Topix (Tokyo) -3.01%
Nikkei 225 -3.29%
Hang Seng -3.05%
Csi 300 -2.03%
Shanghai -2.00%
Shenzhen -2.29%
Taiwan Taiex -2.42%
Kospi -2.33%

Chiunque abbia potuto osservare la giornata di ieri con il dollaro allo sbaraglio, dollaro che ha peraltro raggiunto nuovi minimi nella notte verso Yen, ha potuto trarre una sola conclusione. E’ finita un’epoca.

Gli investitori alle seguenti domande, hanno già trovato le immediate risposte e in attesa di smentite che non arrivano o non possono arrivare, questa notte hanno venduto azioni senza guardare troppo a settoi o fondamentali.

Cari americani, visto che a parte risibili dichiarazioni, non volete o non potete reagire, perché dovremmo smettere di indebitarci in dollari che si svalutano per comprare petrolio che cresce guadagnando ogni giorno delle fortune ?

Perché dovrebbe funzionare il maxi-piano di liquidità da 200 miliardi di dollari, quando la FED nei mesi scorsi ha già iniettato 160 miliardi senza venire con questo a capo della crisi innescata dal tracollo del credito immobiliare ad alto rischio?

Perché dovremmo smettere di vendere dollari visto che la banca centrale Usa si accinge a tagliare ancora il costo del denaro il 18 marzo prossimo, con l’opinione comune che l’euro arriverà senza che nessuno intervenga a 1.60 dollari ?
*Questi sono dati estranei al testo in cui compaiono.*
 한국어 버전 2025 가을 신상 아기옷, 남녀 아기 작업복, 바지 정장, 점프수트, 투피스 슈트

Perché dovremmo ancora credere in voi dopo aver letto i dati del deficit federale nei primi 5 mesi dell’esercizio fiscale ? Con il saldo negativo di 175,6 miliardi di dollari registrato a febbraio, il disavanzo si porta a quota 263,3 miliardi, sui livelli più alti mai registrati.
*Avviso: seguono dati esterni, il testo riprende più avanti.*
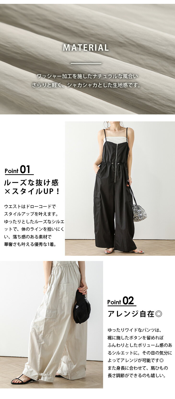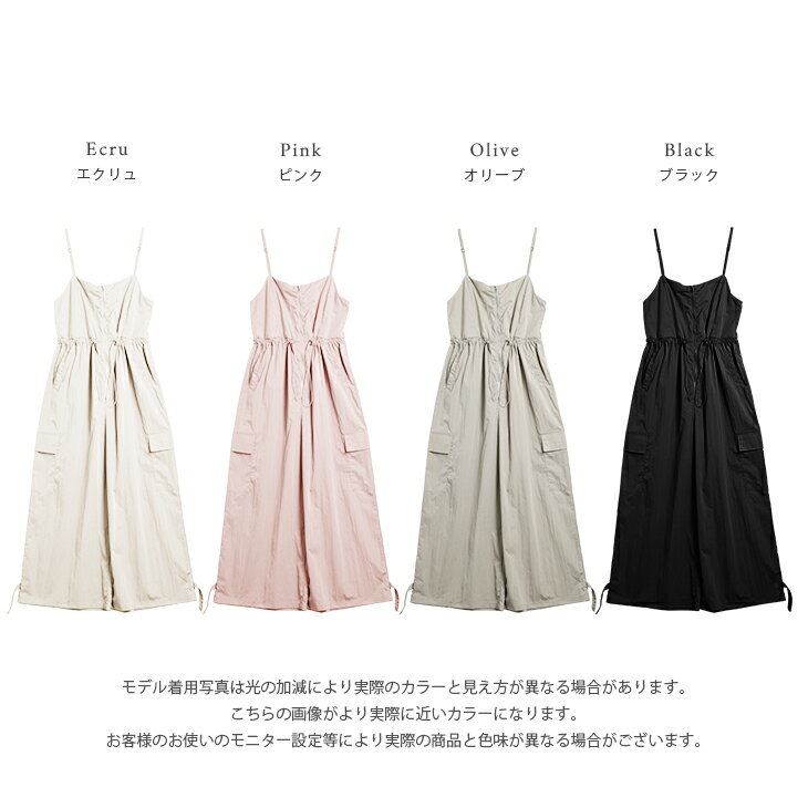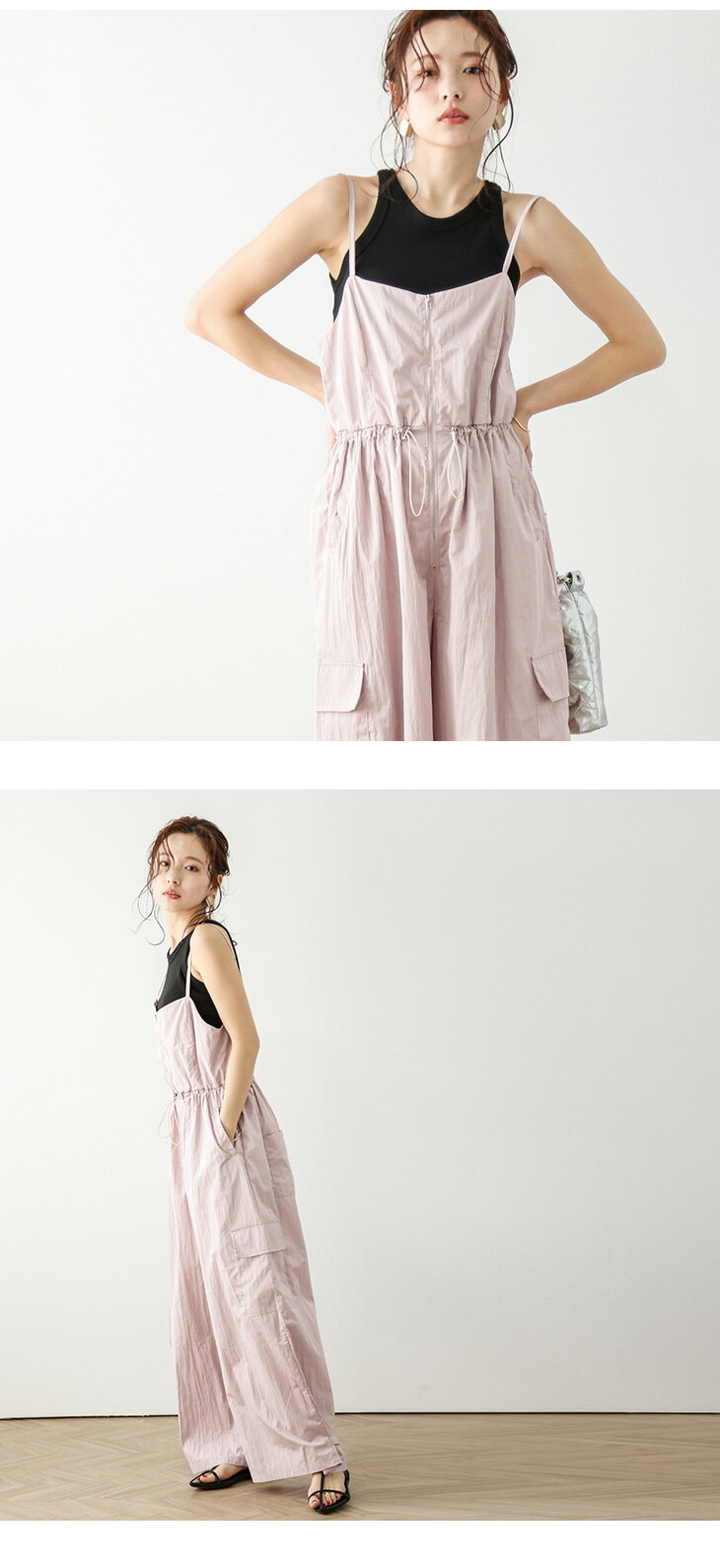 【半額クーポン対象】サロペット フロントZIP ミリタリー カーゴパンツ キャミサロペット オールインワン ドローコード レディース おしゃれ 2024春夏新作 【ass24-sr141】【予約販売:(1)6月27日/(2)7月4日入荷予定順次発送】【送料無料】ユ込3

Perché dovremmo continuare a finanziare la vostra guerra ? A febbraio, il deficit Usa di ha registrato massimo di sempre su base mensile per l’effetto combinato delle minori entrate legate alla frenata dell’economia e delle maggiori spese militari e previdenziali. Il buco nei primi 5 mesi dell’esercizio fiscale 2007-2008 e’ stato di 263,3 miliardi, in aumento del 62% rispetto ai 162,2 miliardi dell’analogo periodo del 2006-2007.